Goal: make Agent quality measurable before increasing autonomy.

Concrete work:

  • Add scenario fixtures for bootstrap, reason, explore, blocked tool, evidence review, and report-ready tasks.
  • Add scorers for scope safety, tool-call validity, evidence usefulness, finding quality, and refusal behavior.
  • Store eval results in the existing evaluation and scorecard surfaces.
  • Add regression tests for Worker JSON repair, timeout behavior, and unsafe tool requests.

Acceptance:

  • A Worker can be compared across a fixed scenario set without live targets.
  • Worker selection can use eval outcomes without letting Workers self-score.
  • Failed scenarios become actionable benchmark gaps in /runs/{id}/reference-benchmark.
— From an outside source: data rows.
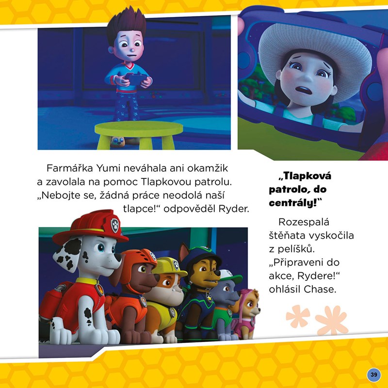 Oblíbená záchranářská štěňata nastupují do akce a čeká je další výzva! Odvážní hrdinové budou pomáhat zvířátkům v nouzi. V napínavých příbězích zjistíte, jak sehraný tým našel ztracené medvídě a vypátral včely, které uletěly z úlu. Ale protože dobrých skutků není nikdy dost, zažijete s tlapkami i plno dobrodružství při počítání tučňáků na Ledovém pobřeží nebo záchraně neposedného kotěte. Na nic nečekejte a pusťte se do pomáhání s Tlapkovou patrolou!
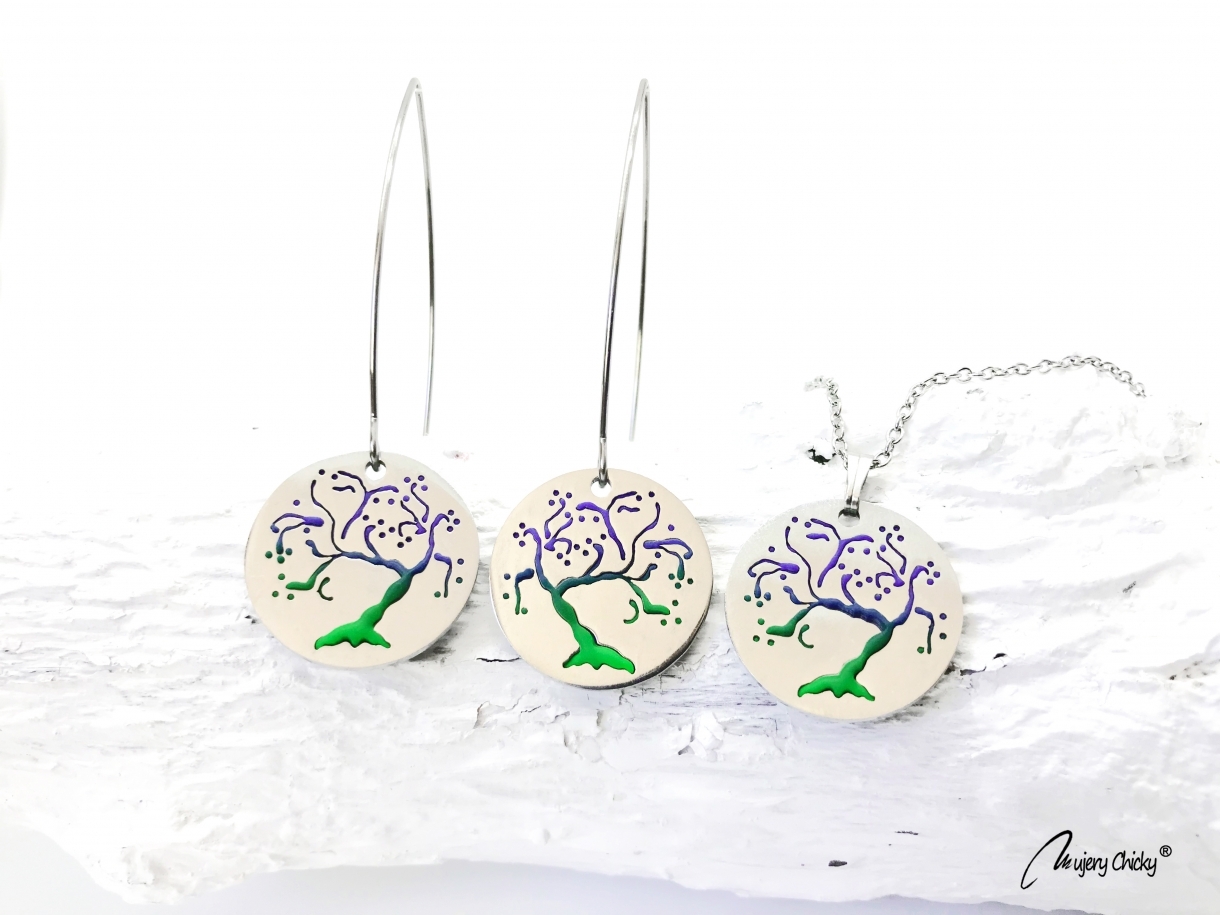 Cerceii și colierul sunt confecționate manual prin tehnica applique, din lut polimeric, pe bază din oțel inoxidabil.
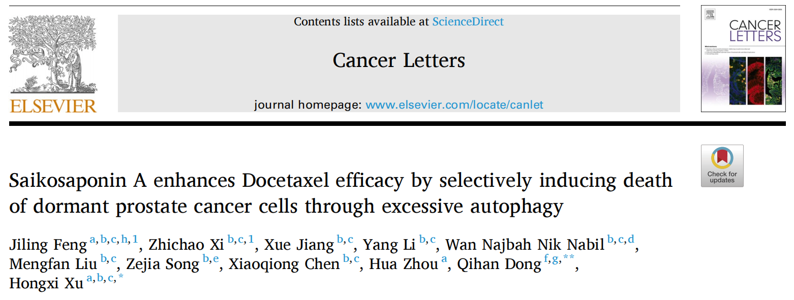 近日,开元集团网站首席教授徐宏喜及席志超副研究员等在Cancer Letters杂志上发表题为Saikosaponin A enhances Docetaxel efficacy by selectively inducing death of dormant prostate cancer cells through excessive autophagy的研究论文。该文章的第一作者为冯极灵博士后和席志超副研究员,通讯作者为徐宏喜教授和悉尼大学董其瀚教授。该研究工作得到国家自然科学基金、中国博士后基金和广东省重点领域研发计划等资助。
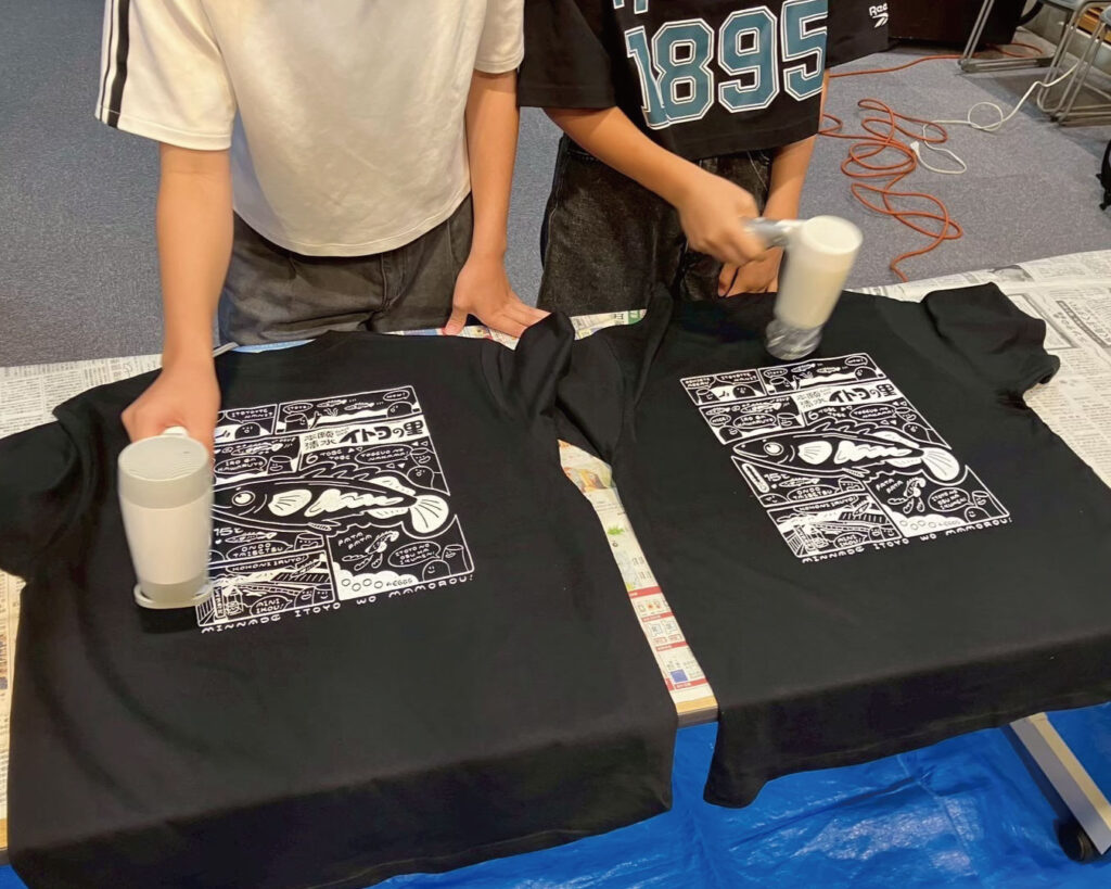 イトヨ守り隊のTシャツは、ワークショップ形式で制作。メンバーの皆さん一人ひとりの手で、シルクスクリーンでプリントしてもらいました。
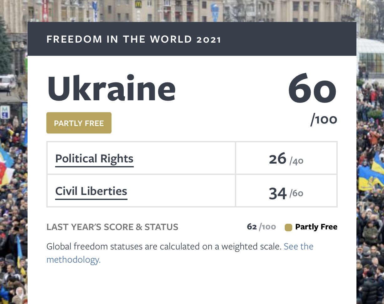 Так, за шкалою демократичної свободи Україна набрала 60 зі 100 можливих балів, зокрема 26 з 40 в сфері політичних прав і 34 з 60 в розрізі цивільних свобод.
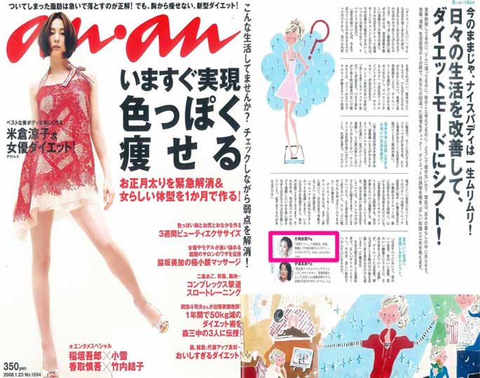 「anan1594号」企画「日々の生活を改善して、ダイエットモードにシフト!」の中で、衣理クリニック表参道(エリクリニック)院長 片桐衣理が「間違った習慣」と「その改善方法」等について、アドバイスしています。
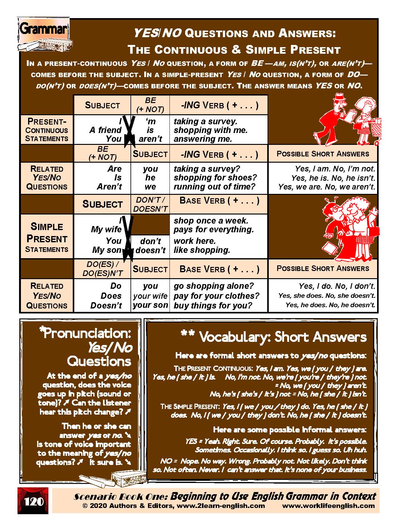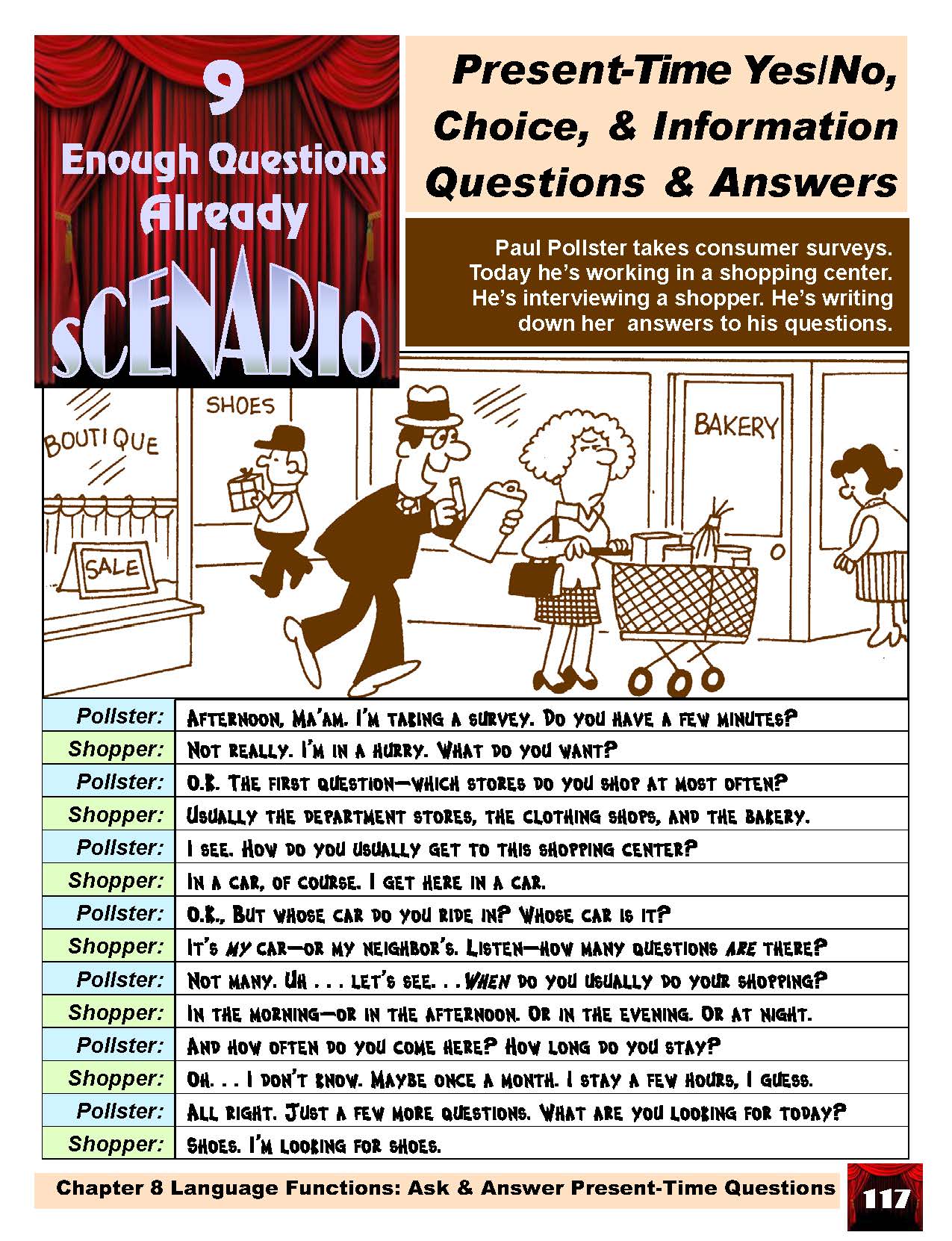 Chapter 9 (Present-Time Yes/No, Choice, & Information Questions & Answers: “Enough Questions Already!”) of the New Scenario 1: Beginning to Use English Grammar in Context, pages 117-130
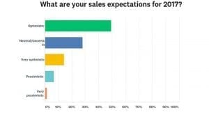 About 33 percent classified business as “OK,” and roughly 9 percent classified it as “poor” or “terrible.” Overall, nearly half of all respondents said they were “optimistic” about 2017 sales, compared to 2016 results, and an additional 14 percent said they were “very optimistic.” (Twenty-eight percent said they were “neutral.” About 8 percent classified themselves as “pessimistic” or “very pessimistic.”)
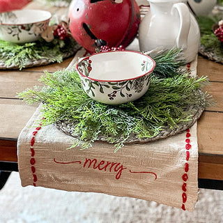 Not only is this table runner absolutely beautiful but also the perfect addition to your Farmhouse space! We are looooooving the red trim detail, the beautifully scripted "merry" sentiment and ahhhhhmazing quality of this beauty! Place it on your vintage farmhouse table this holiday season! AND the neutral color is versatile enough to pair well with all types of décor for years and years to come!
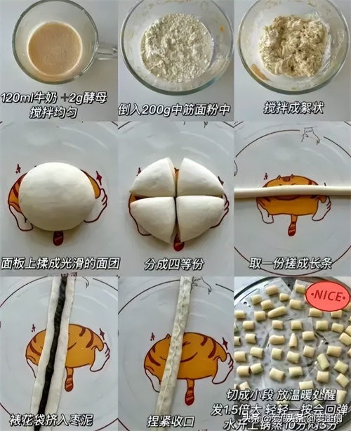 白色面团和面配方:普通面粉150g,牛奶78g,酵母2g。
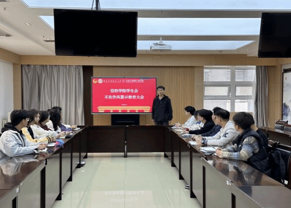 学生会在信控楼504召开不良作风警示教育大会。本次会议由学生会执行主席刘亚飞主持,学生会负责人参会。
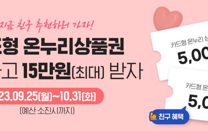 KT는 온누리상품권 발행처인 소상공인시장진흥공단과 함께 추석을 앞둔 이달 25일부터 다음달 31일까지 카드형 온누리상품권 이용자를 대상으로 최대 15만원까지 지급하는 ‘지인 추천’ 이벤트를 시행한다고 25일 밝혔다. KT가 운영하는 충전식 카드형 온
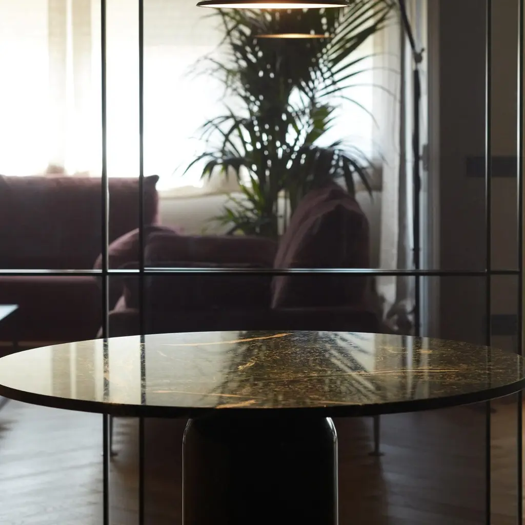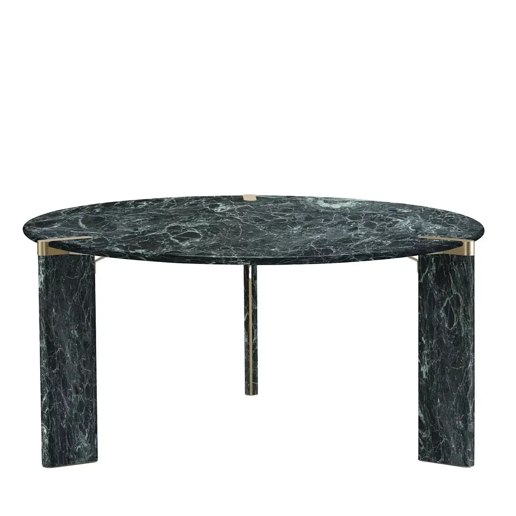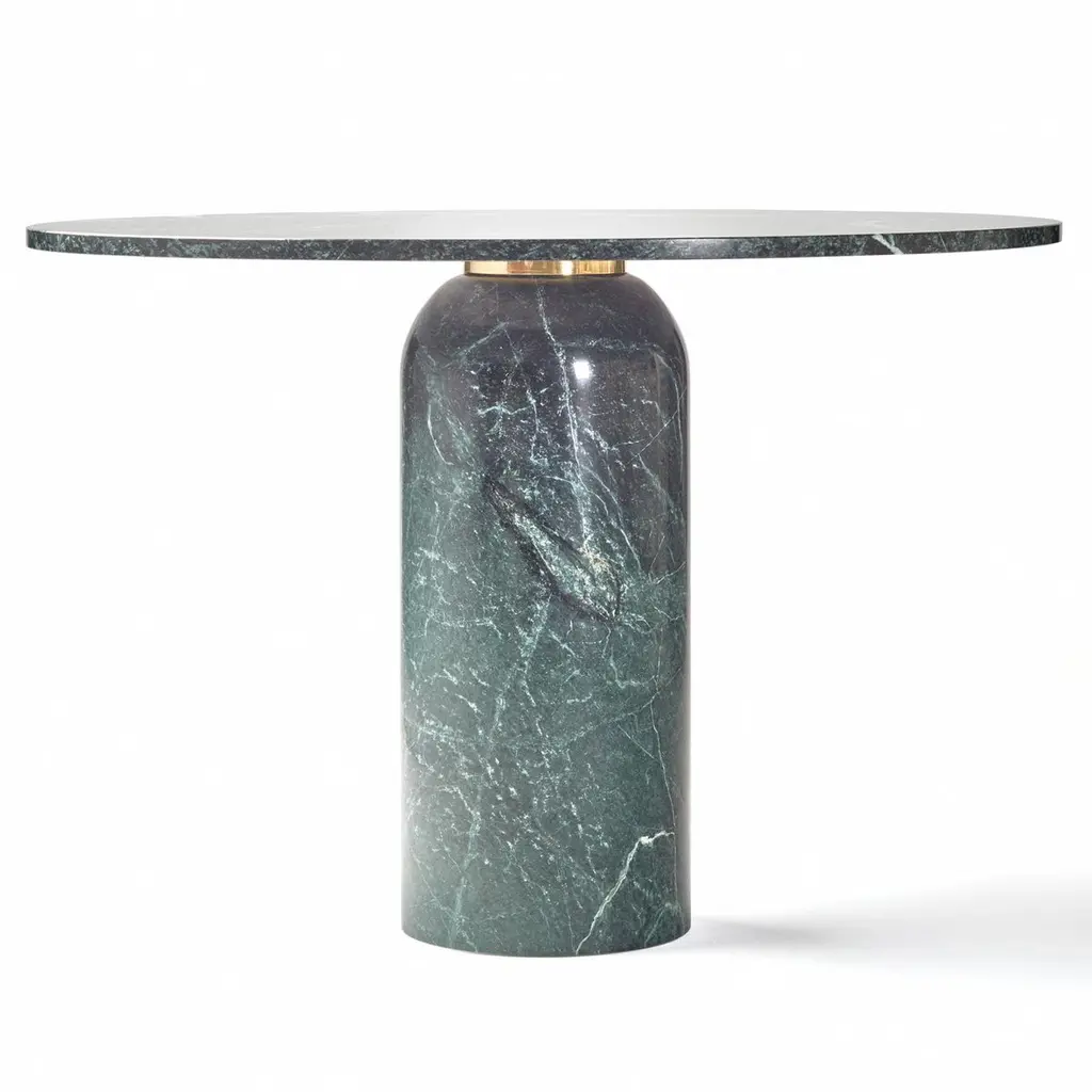 Solid Green Macael Marble, Round Dining Table With Brass Detail, Roser
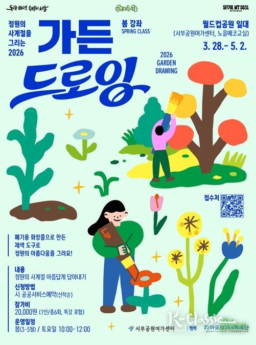 서울에 거주하고 있으며 ‘정원’과 ‘드로잉’에 관심이 있는 사람이라면 누구나 신청 가능하다. 봄 강좌는 3월 11일 오전 10시부터 3월 18일 18시까지 시 공공서비스예약(포스터 내 QR코드로 접속 가능)을 통해 모집한다.
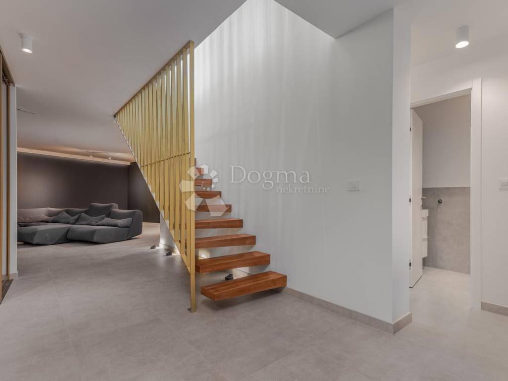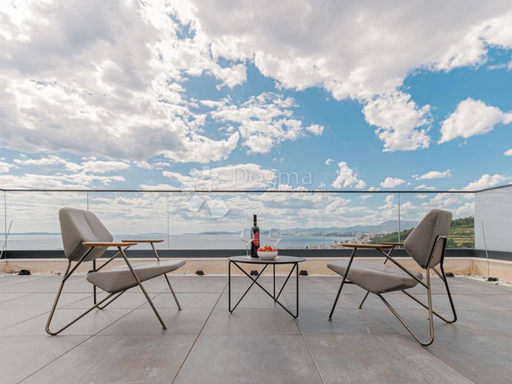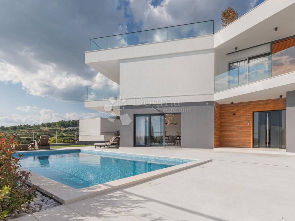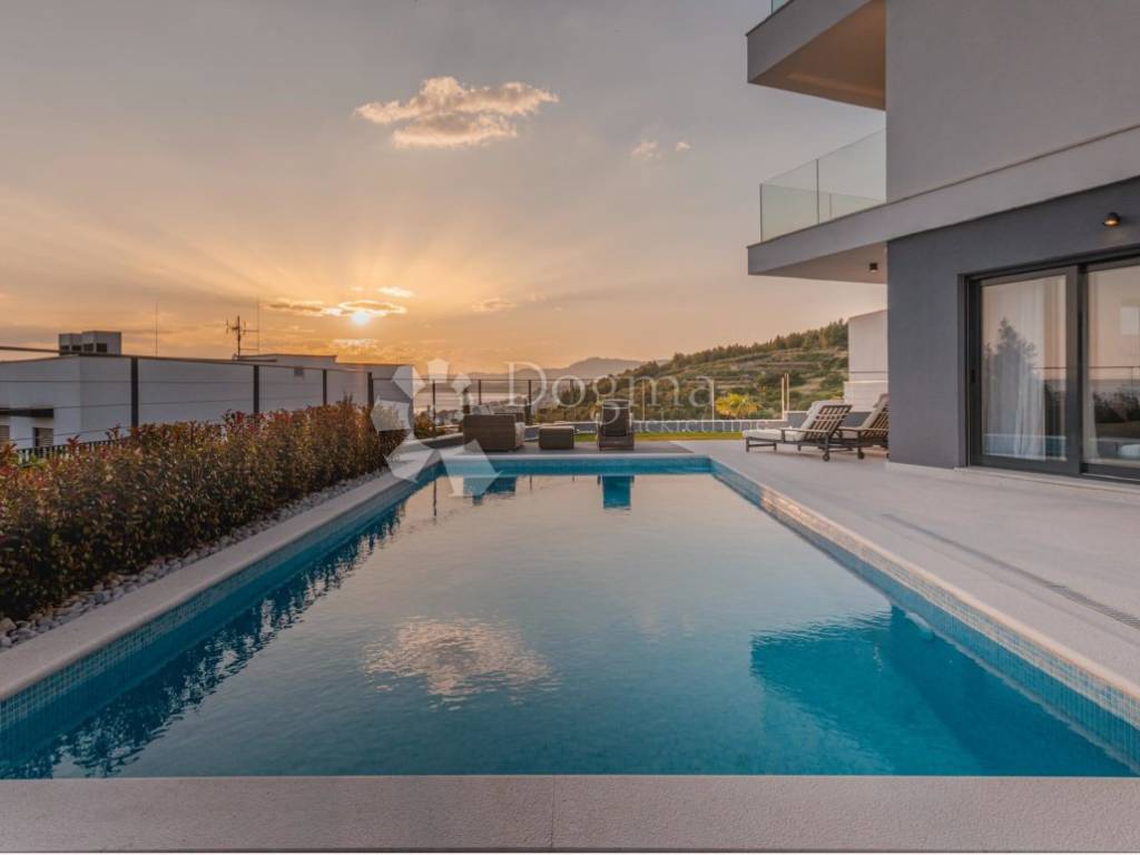 Eingebettet in die renommierte Luxusimmobilienzone von Podstrana, gleich außerhalb von Split, bietet diese elegante Villa eine seltene Kombination aus elegantem Wohnen, Panoramablick und Privatsphäre. Die Villa erstreckt sich über 333 m und drei wunderschön gestaltete Etagen, liegt nur 300 Meter vom Meer entfernt und in der Nähe aller wichtigen Annehmlichkeiten. Was diese Villa wirklich einzigartig macht, ist die exklusive Dachterrasse die einzige ihrer Art in der Gegend die einen atemberaubenden, unverbauten Blick auf die Adria und die Stadt Split bietet. Keine andere Villa in der Nähe bietet einen Dachzugang mit solch einem spektakulären Panorama.

5. Production Storage And Collaboration

Goal: prepare for desktop/cloud sync without weakening the local evidence boundary.

Concrete work:

  • Split the SQLite JSON snapshot into relational tables with migrations.
  • Add indexes for runs, evidence, findings, tool invocations, events, evaluations, and exports.
  • Define retention policy for raw local evidence blobs.
  • Add project/team/RBAC records before cloud sync.
  • Add SBOM/component risk records if source and dependency review becomes a first-class domain.

Acceptance:

  • Concurrent local runner writes do not overwrite unrelated state.
  • Migrations are tested from at least one prior schema version.
  • Cloud-safe export remains redacted and hash-verifiable.

Roadmap Gate

Before adding any large capability, update the Reference Benchmark model and answer:

  • Which mature project pattern is being copied?
  • What first-party API or data contract will own it?
  • What evidence, approval, and redaction gates apply?
  • What fixtures prove parser and workflow behavior?
  • What remains deliberately out of scope?

If those answers are unclear, keep the feature in the integration backlog instead of exposing it to Agent Workers.